▶ Task to complete:
Produce an exact copy of all the data below, dropping every image.

----- Data excerpt -----

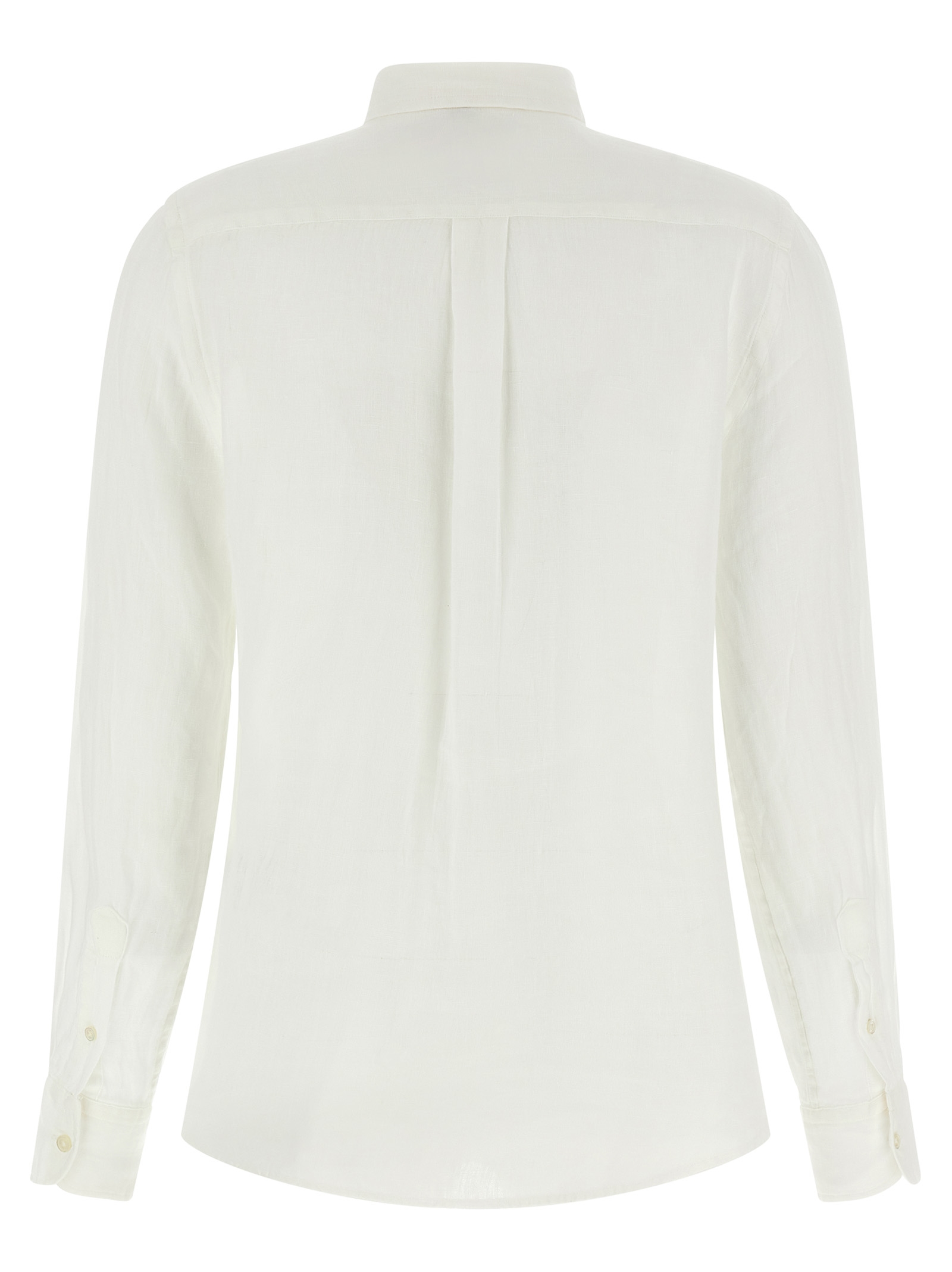 Linen shirt, front logo embroidery, button closure, long cuffed sleeves.
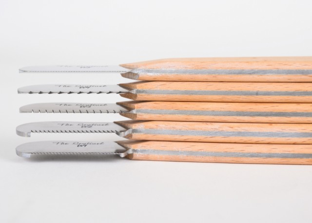Materialene som brukes er en høykvalitets metallegering som er sterkere og lettere enn andre kniver – hver kniv veier under 30 gram. Bøketreet som brukes til å produsere håndtakene kommer fra bærekraftige europeiske skoger og lakken er FCS-godkjent som en sikker A+ for miljøet.
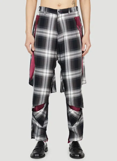Check-print Asymmetric Trousers In Black

-----

▶ Task result:
 Linen shirt, front logo embroidery, button closure, long cuffed sleeves.
Materialene som brukes er en høykvalitets metallegering som er sterkere og lettere enn andre kniver – hver kniv veier under 30 gram. Bøketreet som brukes til å produsere håndtakene kommer fra bærekraftige europeiske skoger og lakken er FCS-godkjent som en sikker A+ for miljøet.
Check-print Asymmetric Trousers In Black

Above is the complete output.